Is anyone aware of any tool that is able to perform error-tolerant pattern-matching search on protein FASTA files?
This is a duplicate of my question from bioinformatics.stackexchange.
For example, I want to know, which proteins in my fasta file to match ADNG..C.G
regexp (which represents ADNGCG
pattern). However, I want to be tolerant to matching errors, meaning that I'm good with any protein that differs in any 1 letter in the motif: ADNG..C.D
, ADNG..D.G
, MDNG..C.G
etc are all good. Running all possible variants through grep is possible, but exponentially long for longer patterns (I usually have 15-20 letters in pattern, and scan ~10e6-7
sequences).
I am aware of the tool agrep
(docs). As far as I know, it's not supported anymore, and also does not distinguish letters in which it's allowed to make error. Also, it does not support long enough patterns (with more than 9 errors -- and yes, I tried to recompile it with myself from here and could not get it work). Also, it's not designed for proteins specifically.
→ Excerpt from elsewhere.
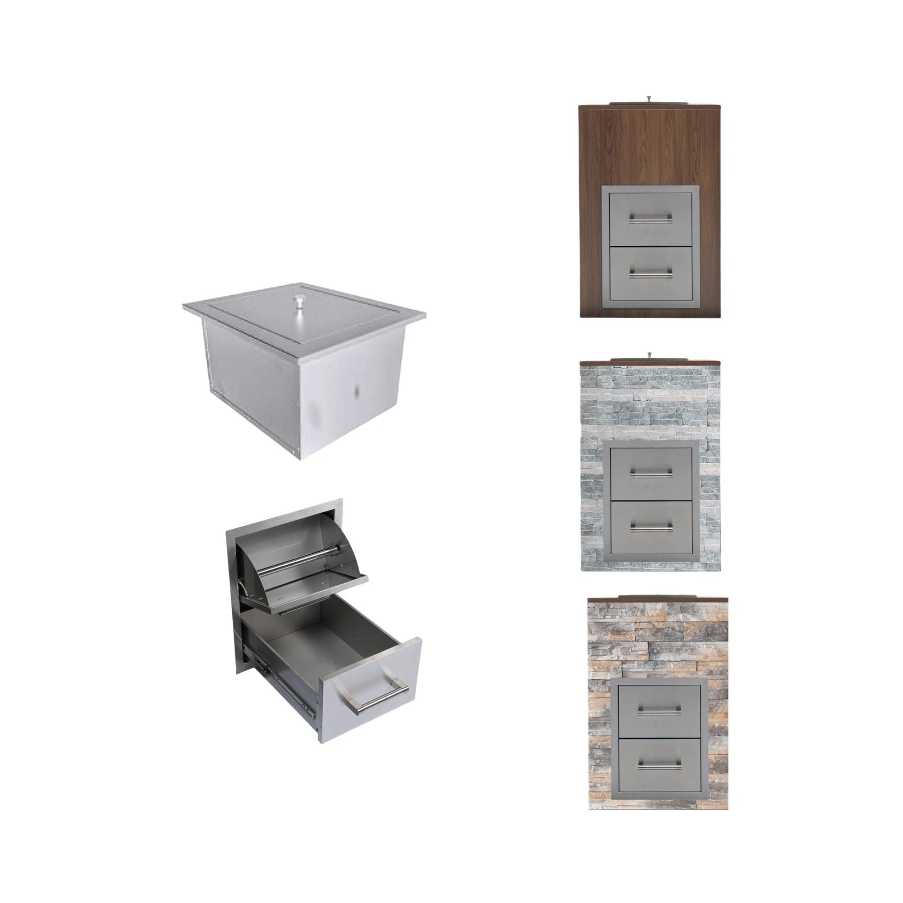 • Door And Drawer Combo And Stainless Steel Ice Box for built-in storage and ice on hand.

I am also aware of ScanProsite and Protein Pattern Find services. The first one is not error-prone, the second one is seems to be a web interface for grep.
I'd recommend against cross-posting. You've mentioned the cross-post here, I'd recommend pasting a link to this post on Bioinfo SE as well.
Done it, thanks for suggestion. And sorry for cross-posting indeed -- I have very little idea about SE and biostars audience overlap. What would be the correct way to do that?
Choose one site and post there only.
Will go for biostars next time -- feels like several times more alive platform than SE.
For bioinformatics, that's the smart choice ;)
Are these DNA or protein sequences? You say protein but all the examples look to be DNA.
Unless I don't know something, sequences I mention are protein -- e.g. they have M, D aminoacids, which I assume are not possible in DNA sequences.
But generally, it shouldn't matter much.
I saw mostly AGC so I assumed DNA, possibly with degenerate characters.
As you say, it won't matter really, it just changes the program you might use.
What is the origin of the patterns of interest? Can't you create HMM profiles of these patterns?
You say ScanProsite is not "error-prone" (by "not error prone", I understand you mean do not allow mismatches in the pattern), I think your assertion is not completely correct. If you want to give a pattern (e.g. P-x(2)-G-E-S-G(2)-[AS]), indeed the specified amino acids have to be present in the pattern. However, ScanProsite also accepts generalized profiles, which will allow for mismatches between target sequence and pattern.
I am basically looking for certain structural features on several different transmembrane helixes in a family.
Well, I could, but I don't know how well are they working with long deletions (which in my case represent long loops between helixes).
Thanks for pointing that out, I indeed have not read the documentation careful enough!
Could you share the generalized pattern documentation? I now see that this one is down, although the official prosite documentation points there.
There is https://pypi.org/project/regex/ which allows fuzzy matching where you can specify how many "errors" you accept and what type of errors you accept.
Was my first shot (forgot to mention in the original post). Terribly slow :)
Also, could not figure out how to make mismatches work exactly the way I want.
try seqkit @ marin
Seems to also fit, but the code explicitly warns me that more than 4 mismatches would really slow down the process -- but I'll test it anyway, thanks.
Also, are you aware of the compexity of algorithm that they use? They do not say that explicitly, and I'm not really proficient with Go to find it myself.
@ marinegor author shenwei356 regular visitor here.